Exercise details:
With both ends included, repeat exactly the lines of the entries below from the one containing "A man in a black" down to the one containing "関西圏におけるEMP攻撃やそ", and no others.

Records supplied:
==========

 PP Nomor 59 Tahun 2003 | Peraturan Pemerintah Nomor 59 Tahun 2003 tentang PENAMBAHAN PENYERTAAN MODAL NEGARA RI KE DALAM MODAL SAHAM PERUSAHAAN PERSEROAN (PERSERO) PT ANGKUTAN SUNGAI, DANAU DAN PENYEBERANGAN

==========

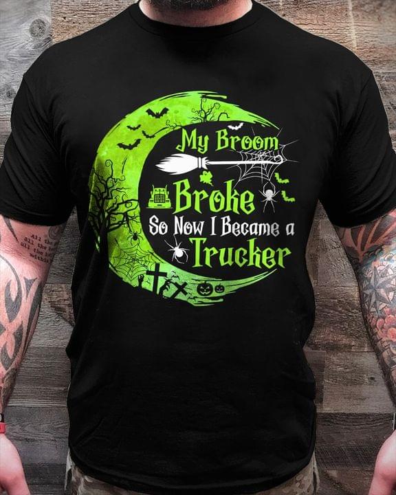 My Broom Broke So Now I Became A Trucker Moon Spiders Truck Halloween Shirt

==========

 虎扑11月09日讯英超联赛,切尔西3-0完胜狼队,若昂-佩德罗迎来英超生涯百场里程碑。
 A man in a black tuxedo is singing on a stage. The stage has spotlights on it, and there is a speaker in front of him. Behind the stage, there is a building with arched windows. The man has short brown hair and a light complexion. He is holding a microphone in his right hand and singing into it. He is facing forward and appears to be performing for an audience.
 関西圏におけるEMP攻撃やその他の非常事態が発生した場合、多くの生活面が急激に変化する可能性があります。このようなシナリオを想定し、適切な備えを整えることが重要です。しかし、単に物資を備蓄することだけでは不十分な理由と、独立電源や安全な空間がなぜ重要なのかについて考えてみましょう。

==========

Solution:
 A man in a black tuxedo is singing on a stage. The stage has spotlights on it, and there is a speaker in front of him. Behind the stage, there is a building with arched windows. The man has short brown hair and a light complexion. He is holding a microphone in his right hand and singing into it. He is facing forward and appears to be performing for an audience.
 関西圏におけるEMP攻撃やその他の非常事態が発生した場合、多くの生活面が急激に変化する可能性があります。このようなシナリオを想定し、適切な備えを整えることが重要です。しかし、単に物資を備蓄することだけでは不十分な理由と、独立電源や安全な空間がなぜ重要なのかについて考えてみましょう。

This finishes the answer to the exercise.